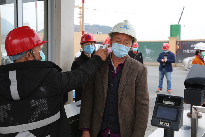 “這是我的綠碼。”臺州高速集團黨委書記、董事長、總經理陳文波主動向黃巖玖璽逸墅項目施工工地的防疫人員出示自己的綠碼。經過測體溫、登記、檢查綠碼、消毒等防疫流程,陳文波一行進入施工工地。
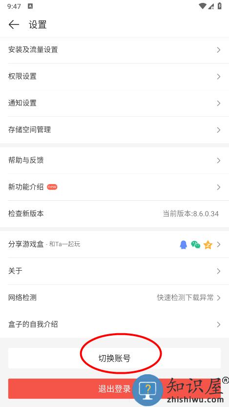 设置界面,下拉到最下面,点击切换账号;
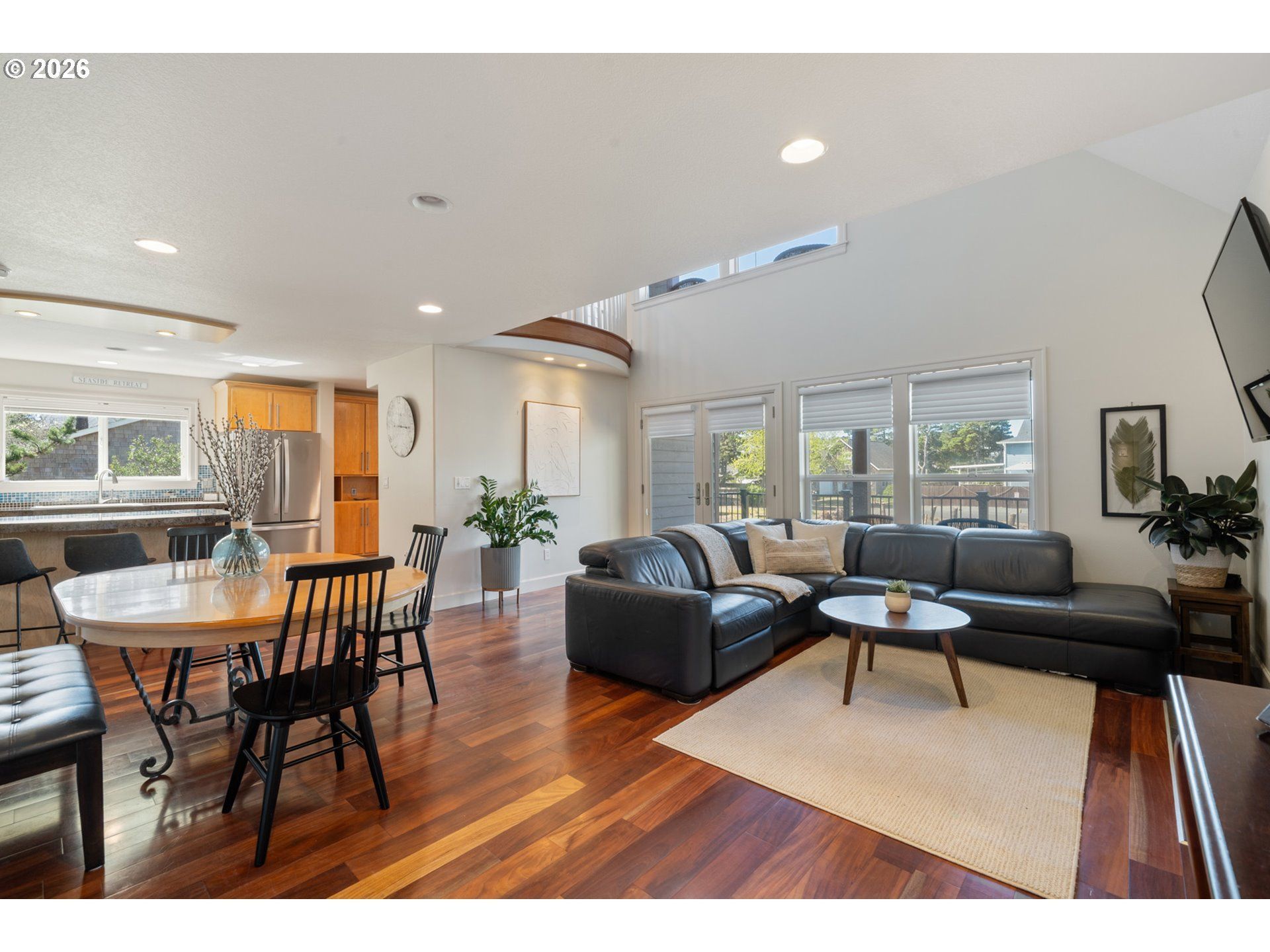 Income-ready and exceptionally located, this custom-built 4-bedroom, 4-bathroom coastal home located outside the FEMA-designated flood zone-a rare and highly desirable coastal advantage-offered with a transferable short-term rental permit for immediate income potential and partially furnished for a seamless transition. Ideally positioned just one block from the beach and bordering the coveted Pine Beach Loop neighborhood, the property includes deeded access to a beautifully maintained private beach trail, all without HOA dues or restrictions.From the moment you enter, the home opens dramatically with a stunning wall of clerestory windows in the living room, filling the space with natural light and capturing the coastal atmosphere. Warm cherry hardwood floors, a welcoming propane fireplace, and generous living spaces create a warm yet expansive main gathering area.The kitchen blends craftsmanship and function with custom maple cabinetry, granite surfaces, quality appliances, a propane cooktop, and a secondary prep/cleaning station-ideal for coastal living and entertaining.The main-level primary suite offers a peaceful retreat with a spacious en suite bath featuring a walk-in shower and oversized jetted tub. Upstairs, additional bedrooms, two full bathrooms, and a flexible sitting area open to covered decks and outdoor living spaces. At the top, a private crow's nest bedroom captures ocean views and provides a quiet, elevated escape.Outdoor living is enhanced by expansive updated composite decking and hot/cold water already in place for a future outdoor shower or hot tub. With central A/C, on-demand hot water, and quality construction throughout, the home balances comfort, durability, and long-term flexibility.A rare North Coast offering combining architectural character, privacy, and strong income potential in one of Rockaway Beach's most desirable coastal settings.
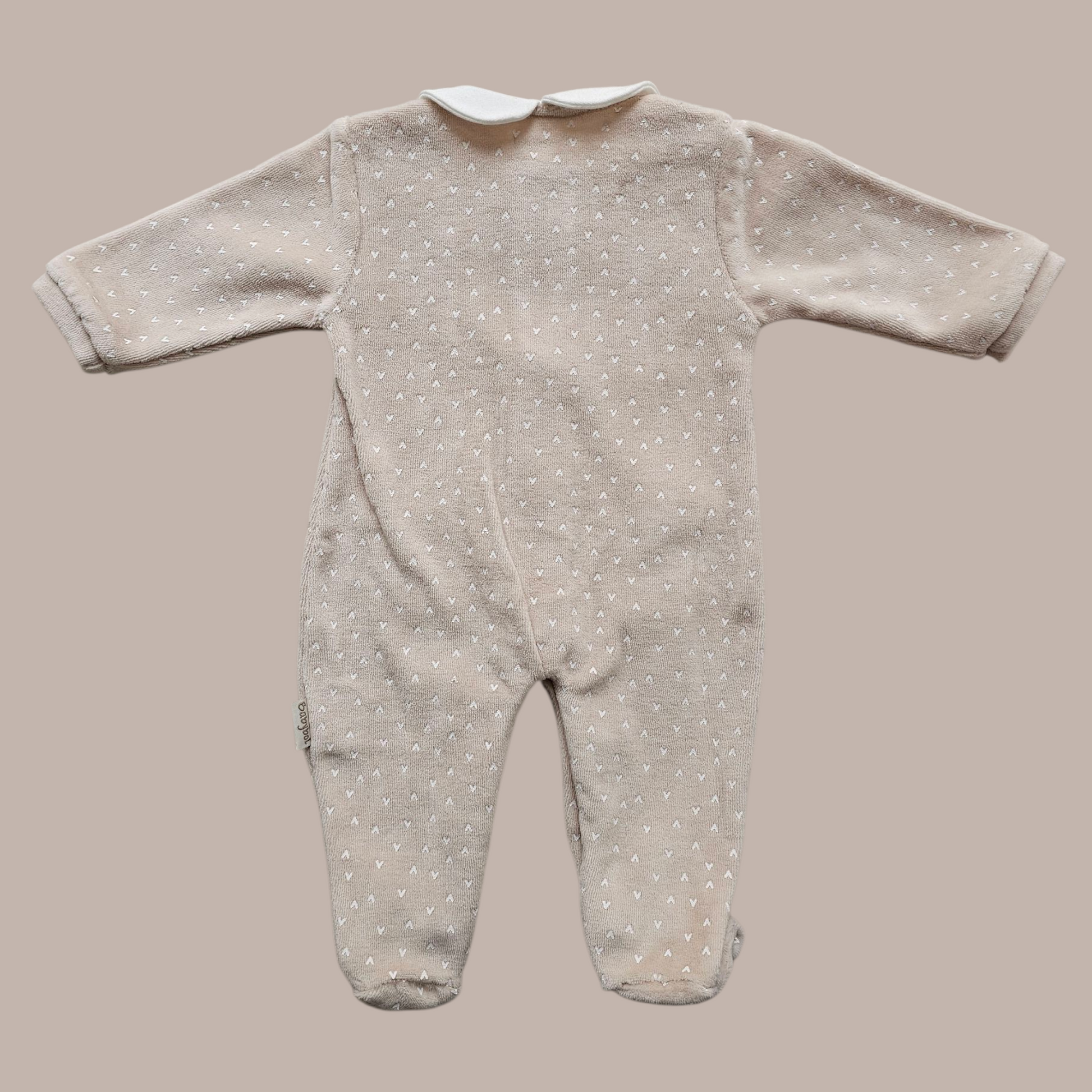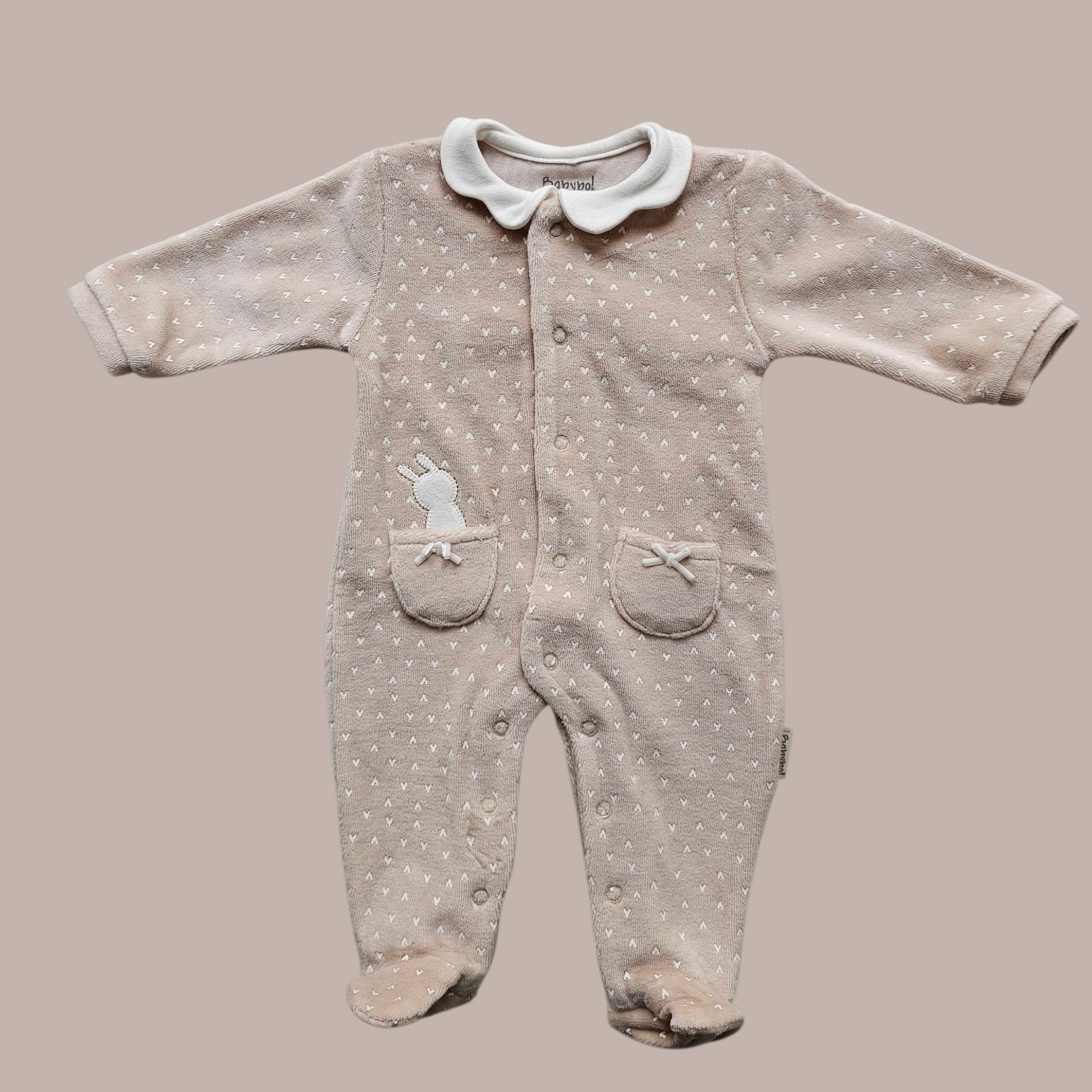 Este pelele camel afelpado ofrece un cierre práctico con botones laterales y en la pierna para facilitar el cambio de pañal sin complicaciones. Su diseño incluye cuello bebé para mayor comodidad y suavidad en la delicada piel del bebé. Perfecto para mantener a tu pequeño cómodo y protegido durante todo el día.
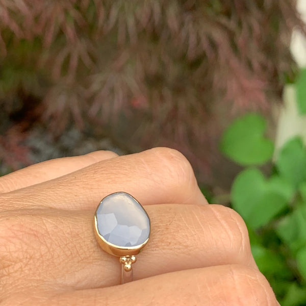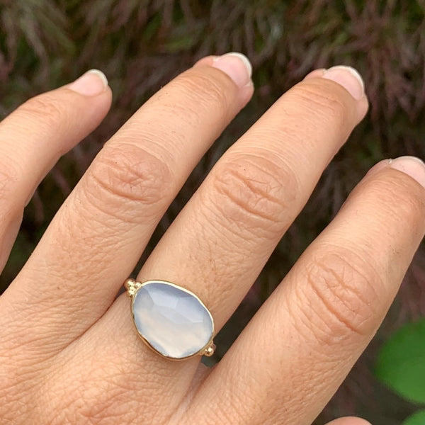 This ring is beyond gorgeous. It glows from within with transcendent light and the organic shape is beautifully framed with the symmetrical signature gold beads. Most beautiful chalcedony stone and cut I have ever seen.

## Task details
From the first record to the last, print everything again exactly, without pictures.

## Exercise answer
 “這是我的綠碼。”臺州高速集團黨委書記、董事長、總經理陳文波主動向黃巖玖璽逸墅項目施工工地的防疫人員出示自己的綠碼。經過測體溫、登記、檢查綠碼、消毒等防疫流程,陳文波一行進入施工工地。
 设置界面,下拉到最下面,点击切换账号;
 Income-ready and exceptionally located, this custom-built 4-bedroom, 4-bathroom coastal home located outside the FEMA-designated flood zone-a rare and highly desirable coastal advantage-offered with a transferable short-term rental permit for immediate income potential and partially furnished for a seamless transition. Ideally positioned just one block from the beach and bordering the coveted Pine Beach Loop neighborhood, the property includes deeded access to a beautifully maintained private beach trail, all without HOA dues or restrictions.From the moment you enter, the home opens dramatically with a stunning wall of clerestory windows in the living room, filling the space with natural light and capturing the coastal atmosphere. Warm cherry hardwood floors, a welcoming propane fireplace, and generous living spaces create a warm yet expansive main gathering area.The kitchen blends craftsmanship and function with custom maple cabinetry, granite surfaces, quality appliances, a propane cooktop, and a secondary prep/cleaning station-ideal for coastal living and entertaining.The main-level primary suite offers a peaceful retreat with a spacious en suite bath featuring a walk-in shower and oversized jetted tub. Upstairs, additional bedrooms, two full bathrooms, and a flexible sitting area open to covered decks and outdoor living spaces. At the top, a private crow's nest bedroom captures ocean views and provides a quiet, elevated escape.Outdoor living is enhanced by expansive updated composite decking and hot/cold water already in place for a future outdoor shower or hot tub. With central A/C, on-demand hot water, and quality construction throughout, the home balances comfort, durability, and long-term flexibility.A rare North Coast offering combining architectural character, privacy, and strong income potential in one of Rockaway Beach's most desirable coastal settings.
 Este pelele camel afelpado ofrece un cierre práctico con botones laterales y en la pierna para facilitar el cambio de pañal sin complicaciones. Su diseño incluye cuello bebé para mayor comodidad y suavidad en la delicada piel del bebé. Perfecto para mantener a tu pequeño cómodo y protegido durante todo el día.
 This ring is beyond gorgeous. It glows from within with transcendent light and the organic shape is beautifully framed with the symmetrical signature gold beads. Most beautiful chalcedony stone and cut I have ever seen.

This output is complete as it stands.